## About this task
Beginning with the line of the entries below that holds "CHW-70C5低合金钢焊丝ER100S-G焊丝" and ending with the line that holds "- Simple & Fashionable", transcribe each line exactly as written. Pictures stay out.

-------- Dataset excerpts --------

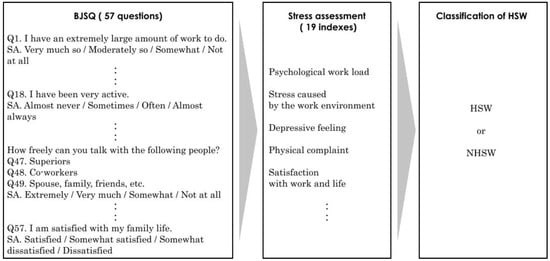 The BJSQ consists of the following question groups: work stressors, mental and physical stress reactions, and the surrounding support [30]. The subjects whose total standardized scores for mental and physical stress reactions were under 12 are classified as HSWs. Alternatively, the subjects whose standardized scores for the work stressors and the surrounding supports are under 26 and whose standardized scores for the mental and physical stress reactions are under 17 are also classified as HSWs. To determine HSWs using the BJSQ, we used the calculation program provided by Tokyo Medical University, Department of Preventive Medicine and Public Health [31]. Figure 1 shows the procedure of BJSQ stress assessment to classify HSWs.
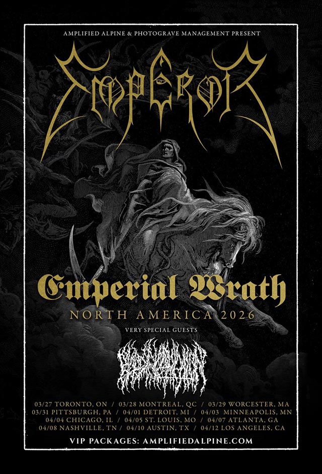 Emperor will return to North America in spring 2026 for their Emperial Wrath headlining tour, marking another rare run from the influential Norwegian black-metal legends. The trek spans through March and April and features direct support from cosmic death-metal outfit Blood Incantation. Tickets and VIP packages go on sale Friday (21st).
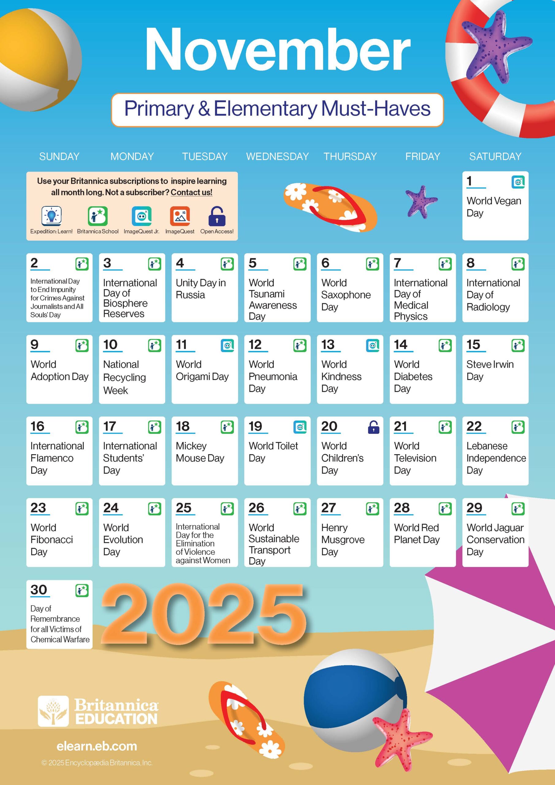 Download fileGet a daily dose of teaching inspiration with these monthly calendars. From World Vegan Day to World Children’s Day, tie your lessons to key dates marked in the calendar, to help students develop a closer awareness for the world around them. Each date comes with a related “must-have” resource from Britannica, hand-picked to help make your lesson planning a breeze.
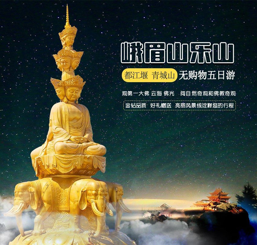 经典景点:峨眉自然美景、佛国天堂乐山大佛、乌木博物馆、川剧变脸晚会、问道青城山、拜水都江堰 四川亮丽风景线将诠释游客您的完美行程;
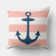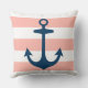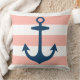 design na moda e travesseiro de sotaque quadrado chic apresentam um padrão listrado de cabana cor-de-rosa branca e esfregando coral com âncora azul marinho do barco. A cor de fundo cor-de-rosa-claro/coral-claro pode ser personalizada.
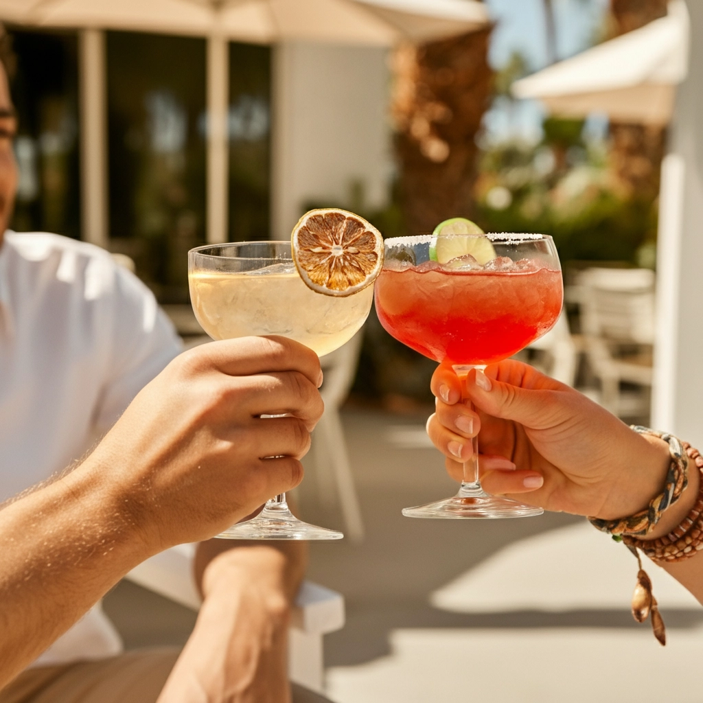 Two people clinking glasses, one with a slice of sun dried citrus garnish in the cocktail. The other cocktail is red with a lime wedge on the rim. The setting suggests an outdoor Palm springs, California patio. The camera angle captures the hands in a close-up, focusing on the refreshing beverages and casual, summery attire. The scene conveys a relaxed, sociable atmosphere ideal for a leisurely afternoon. show mostly
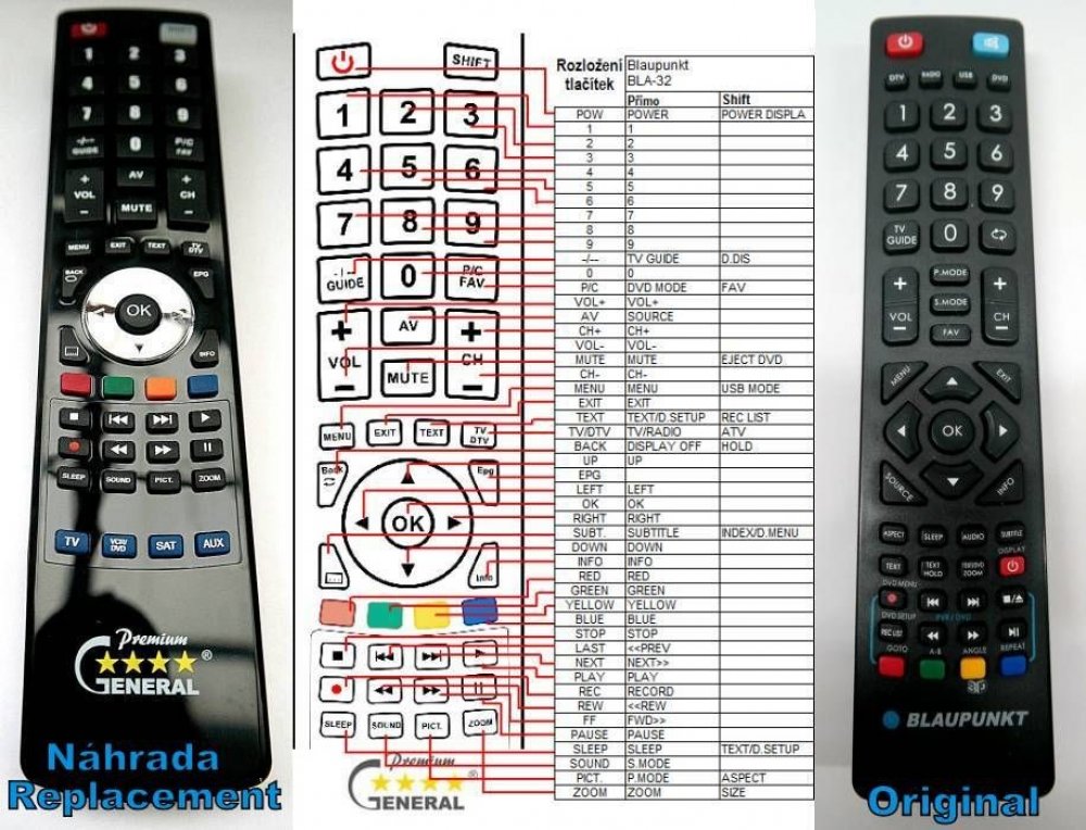 Náhradní dálkový ovladač TECHNIKA UNF/RMC/0002 - 100procent náhrada 1:1 za originální dálkový ovladač. Dálkový ovladač je určen pro tyto modely TECHNIKA: 215/189JGB2B, 22LF204D, 23/157I-GB-3B-HBCDUP, 23/157I-GB-3B-HBCUP, 23/157I-GB-3B-HBKDUP, 23/157I-GB-3B-HBKUP, 23/157I-GW-3W-HBCDUP, 23/157I-GW-3W-HBKDUP, 23/157J-GB-3B-HKDU, 23/157L-GB-3B-HBKDUP-EU, 26L-204D, 29L240SS13, 32-122 LED32L244, 32/122G, 32/122I, 32/122I-GB-38-HBKU-EU, 32/122J-GB-3B2-HCU-EU, 32L-224, 32L-244, 32L224, 32L244, 40-260, 40/122G, 40/260, 50/211F 50E21B-FHD, B23K157TCDP-B, BB 42I156B, BC23W157BBKDPE967, BW 23T189B, LED 32/122L/GB, LED 32L-244B, LED32-E251, LED32-E251 (32/122G, LED32L-244B, LED40-E271, LED40-E271 (40/122G), TA32L122BHCUE863., X23/50E-BG-FTCDU, X26/56J-GB-HCDUP-EU, XORO HTC2444. (Nemusí zde být uvedeny úplně všechny kompatibilní modely. Pokud si nejste jisti, sdělte nám svůj model (použijte online chat, e-mail, telefon), neprodleně zkontrolujeme a ověříme, zda je tento ovladač kompatibilní s Vaším přístrojem. Za poskytnutou informaci ručíme.) Také se používá pro značky: Blaupunkt Ovladač je dodáván ve verzi značkového dálkového ovladače General Premium (zobrazen vlevo). Garantujeme Vám, že dostanete ovladač, který plně nahradí Váš původní originální ovladač a bude mít naprosto všechny funkce. Není to univerzální ovladač, ale ovladač, který je naprogramován a přímo určen pro modely přístrojů uvedené výše. Není třeba žádné párování, žádné kódy. Obdržíte od nás ovladač, který je připraven k použití - jediné, co musíte udělat, je vložit baterie a ovladač hned funguje. Podívejte se na obrázek ovladače a ujistěte se, že jsou v tabulce všechny funkce jako na původním originálním ovladači. Jedná se o plnohodnotný náhradní dálkový ovladač (není to „univerzál“). Má naprosto všechny funkce přesně jako originální ovladač. Záruční lhůta na ovladač je 2 roky. Dodáván také jednoduchý návod s mapováním funkcí. DOPLŇKOVÁ FUNKCE: Tento dálkový ovladač je možno naprogramovat na 1-4 zařízení (celkem tedy 4). Budete moci jedním ovladačem ovládat několik různých přístrojů jedním ovladačem. Pokud nám do komentáře v objednávce napíšete modely dalších přístrojů, naprogramujeme Vám ovladač na všechny. Za tuto doplňkovou službu bude naúčtován příplatek k ceně ovladače 50 Kč: více informací V případě, že v budoucnu vyměníte/obměníte Vaši domácí elektroniku, jsme schopni Vám tento ovladač přeprogramovat na naprosto jakékoliv nové/á zařízení. Ovladač General přežije Váš stávající přístroj!
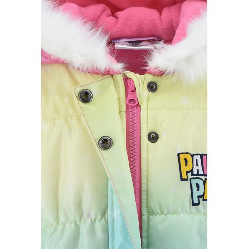 Paw Patrol jacket. Girls winter Paw Patrol coat. Zip opening. Multicoloured jacket. Age 3-6 years. Fake fur on hood. Microfleece inner lining for staying warm. Shell polyester. 2 pockets on jacket.
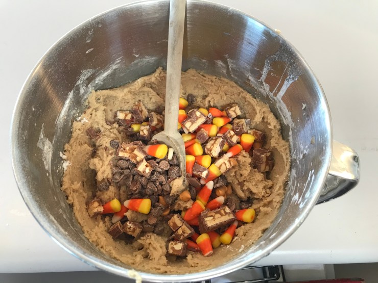 Put away your mixer, add in all your leftover candies and stir with a wooden spoon until they’re evenly distributed. Feel free to eat a couple before they get into the batter. I mean, you’re only human.
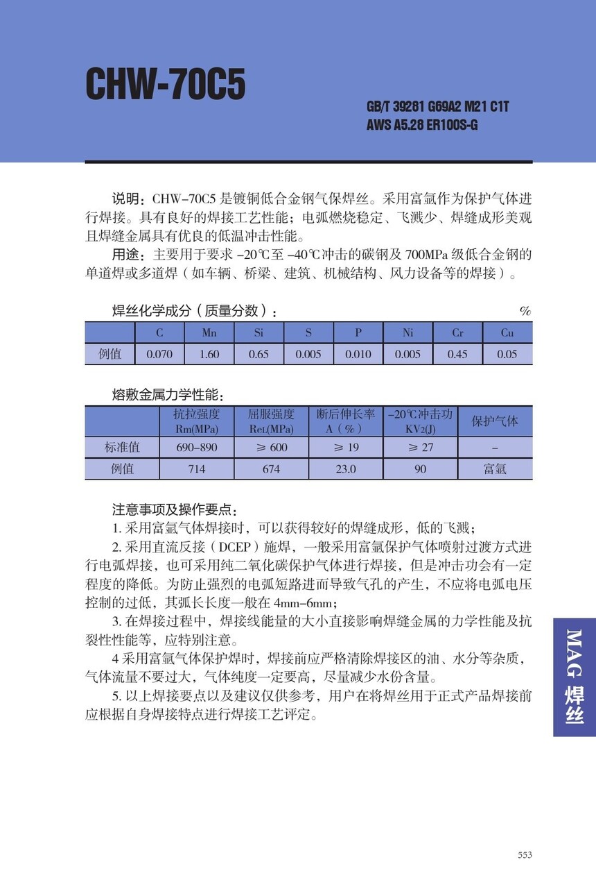 CHW-70C5低合金钢焊丝ER100S-G焊丝
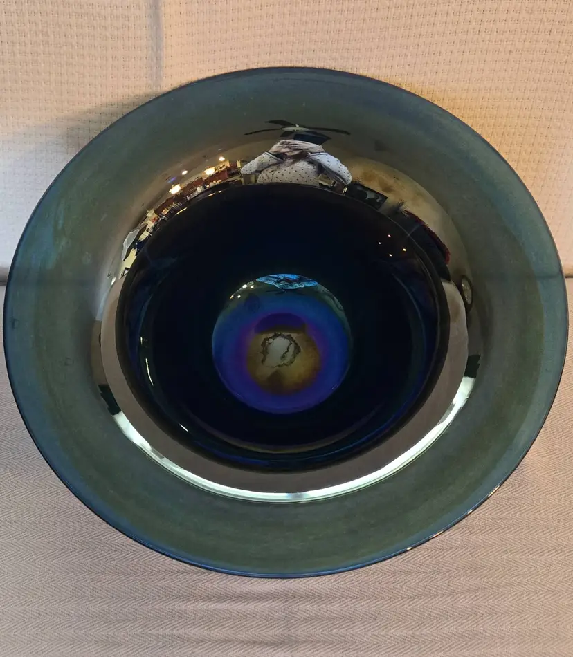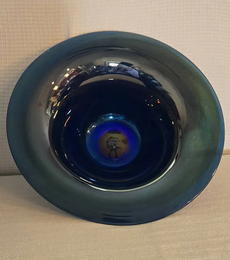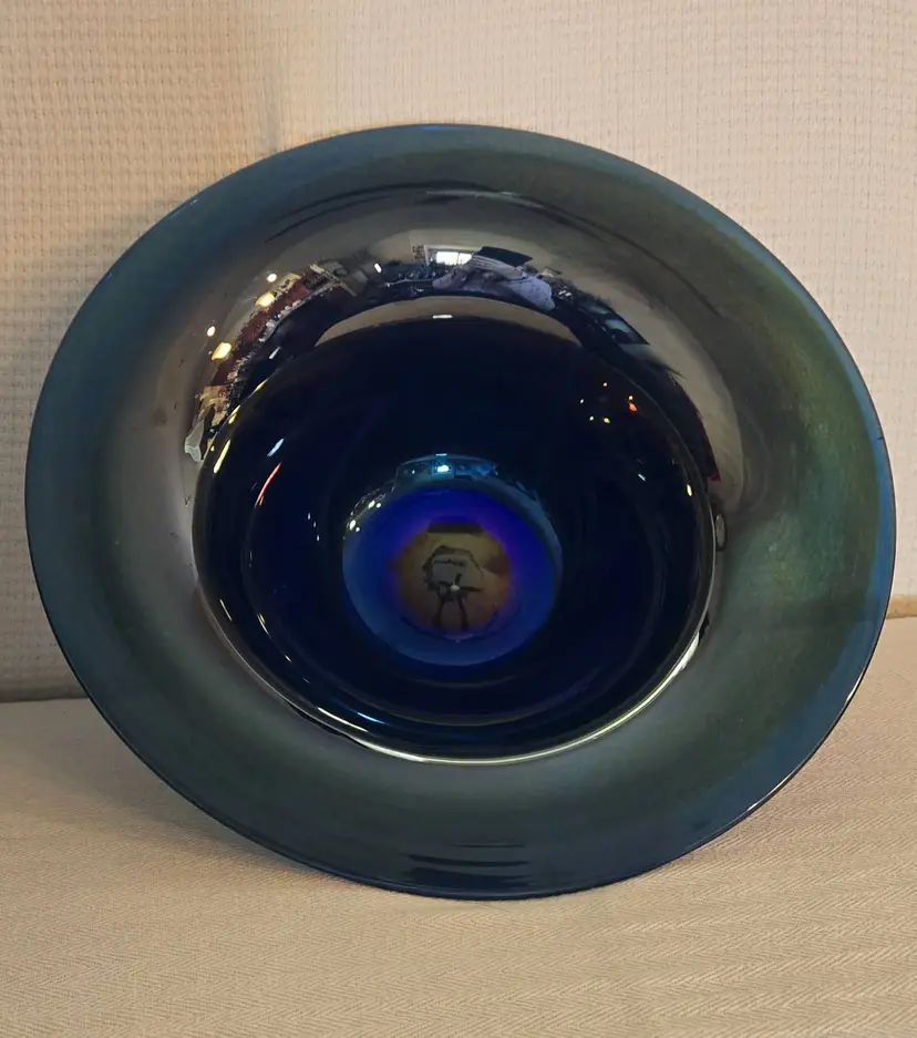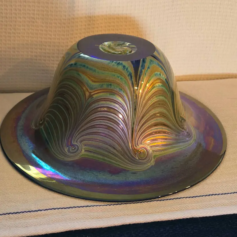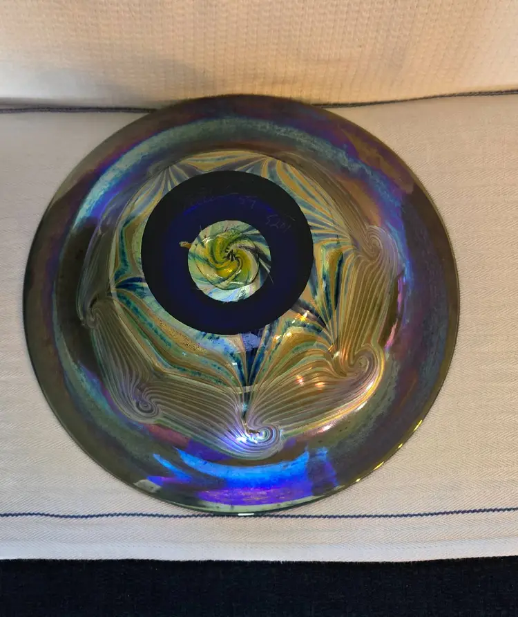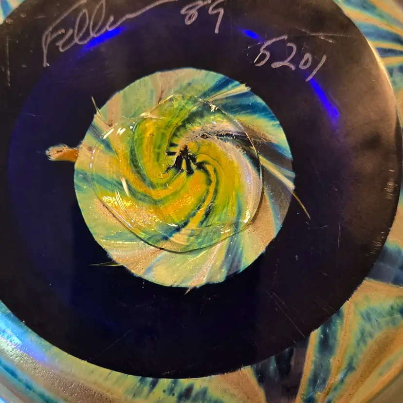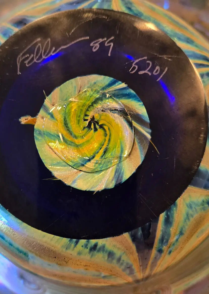 Featuring a pulled feather or swirl design A wide mouthed, thick walled bowl with a cobalt blue inside, and a green, blue, and gold swirl on the outside. Signed by Stephan Fellerman and dated '89. It is also numbered 5201. Measures 4 1/2" tall and 12 1/4" from rim to rim. In excellent condition. No chips, cracks, or repairs.
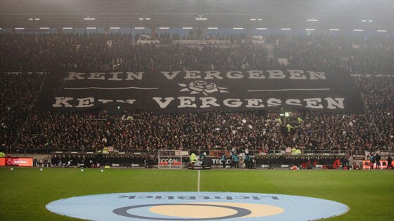 «Не простим, не забудем». Фанаты «Санкт-Паули» вывесили баннер в память о Хрустальной ночи и убитом в Освенциме футболисте клуба
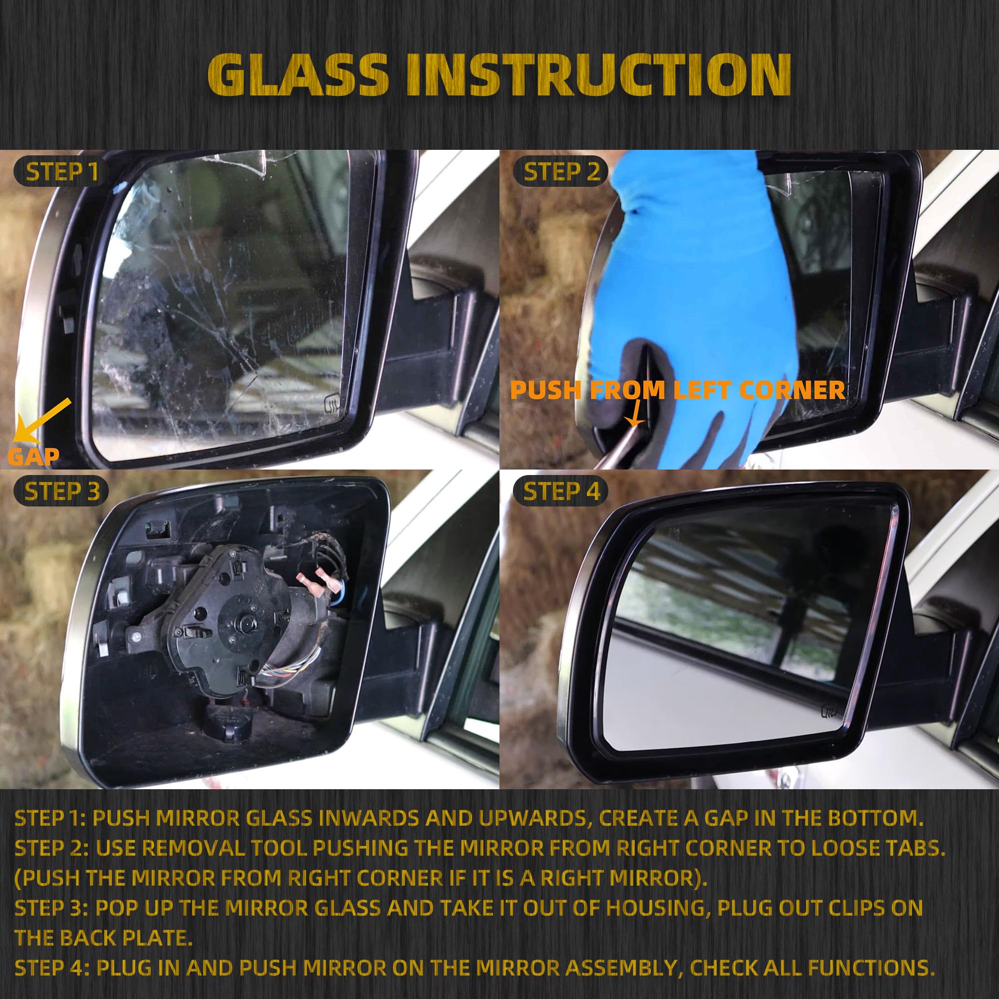 【Packaging List】Left Side Mirror Glass with Back Plate*1, Clips*2, Removal Tool*1, Not The Right Side View Mirror Assembly
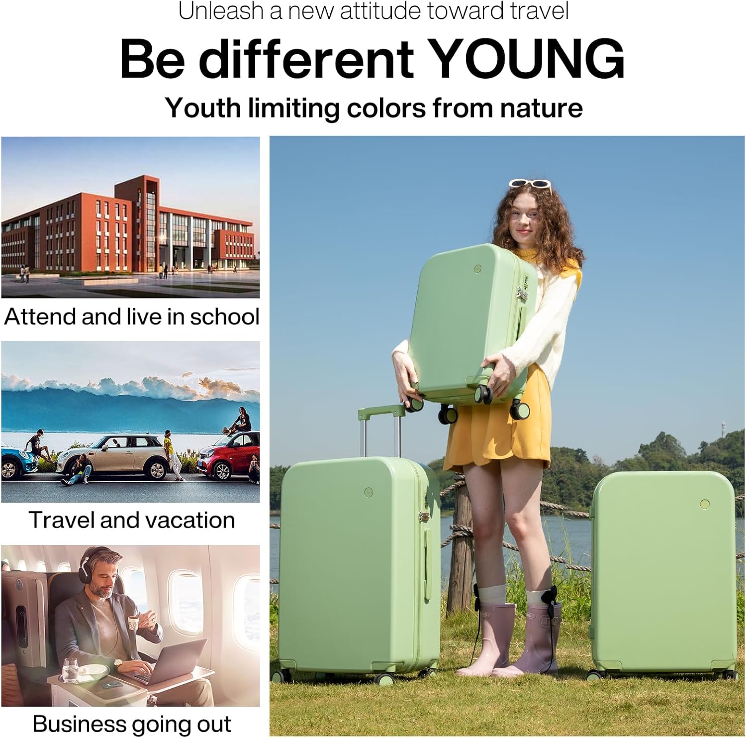 - Simple & Fashionable Suitcase, Combined with THREE-LAYER Bayer PC material which is called “Soft Steel” for hardshell, which make the luggage durable, wearable and lighter than ABS or ABS+PC suitcases. The color of this series hardside rolling suitcase is fashionable and bright and available in 16in 20in 22in 24in 26in 28in, please check our size chart/description carefully before placing an order and choose the right one for the upcoming travel.
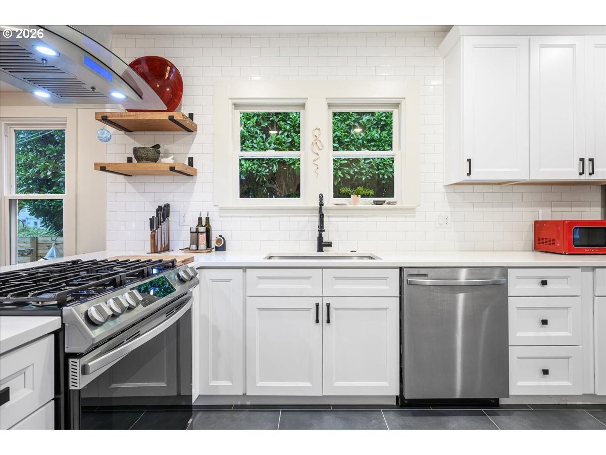 - OPEN FRI 1/9 6–8PM & SAT/SUN 11-1.This truly special 3BD/3BA Craftsman bungalow on a spacious corner lot is an urban oasis in the heart of vibrant SE Portland, just blocks away from Division’s restaurants/shops and within amile of Mt. Tabor. The light-filled main level features hardwoods, an open kitchen/dining/livinglayout, custom window coverings, and a cozy gas fireplace, flowing beautifully for everyday modern living and entertaining. The renovated kitchen offers abundant counter space, full-sizepantry, and new appliances. The spacious upstairs primary suite includes a walk-in closet, doublesinks, and oversized shower. The full-height basement with exterior entry and freshly paintedfloor provides flexible bonus space with potential ADU options. Outside, retreat to a covered entertaining deck with privacy screens, flanked by a professionally landscaped, fenced yard with native plantings, raised vegetable garden beds, dog run, and private sauna. Rare secure parkingincludes a dedicated pad plus room for multiple vehicles and RV/boat/trailer storage behind anautomatic, secure gate. Extensive updates include roof, plumbing, electrical, furnace, paint, and more. All appliances included. [Home Energy Score = 1. HES Report at https://rpt.greenbuildingregistry.com/hes/OR10199893]

--------

## Worked solution
 CHW-70C5低合金钢焊丝ER100S-G焊丝
 Featuring a pulled feather or swirl design A wide mouthed, thick walled bowl with a cobalt blue inside, and a green, blue, and gold swirl on the outside. Signed by Stephan Fellerman and dated '89. It is also numbered 5201. Measures 4 1/2" tall and 12 1/4" from rim to rim. In excellent condition. No chips, cracks, or repairs.
 «Не простим, не забудем». Фанаты «Санкт-Паули» вывесили баннер в память о Хрустальной ночи и убитом в Освенциме футболисте клуба
 【Packaging List】Left Side Mirror Glass with Back Plate*1, Clips*2, Removal Tool*1, Not The Right Side View Mirror Assembly
 - Simple & Fashionable Suitcase, Combined with THREE-LAYER Bayer PC material which is called “Soft Steel” for hardshell, which make the luggage durable, wearable and lighter than ABS or ABS+PC suitcases. The color of this series hardside rolling suitcase is fashionable and bright and available in 16in 20in 22in 24in 26in 28in, please check our size chart/description carefully before placing an order and choose the right one for the upcoming travel.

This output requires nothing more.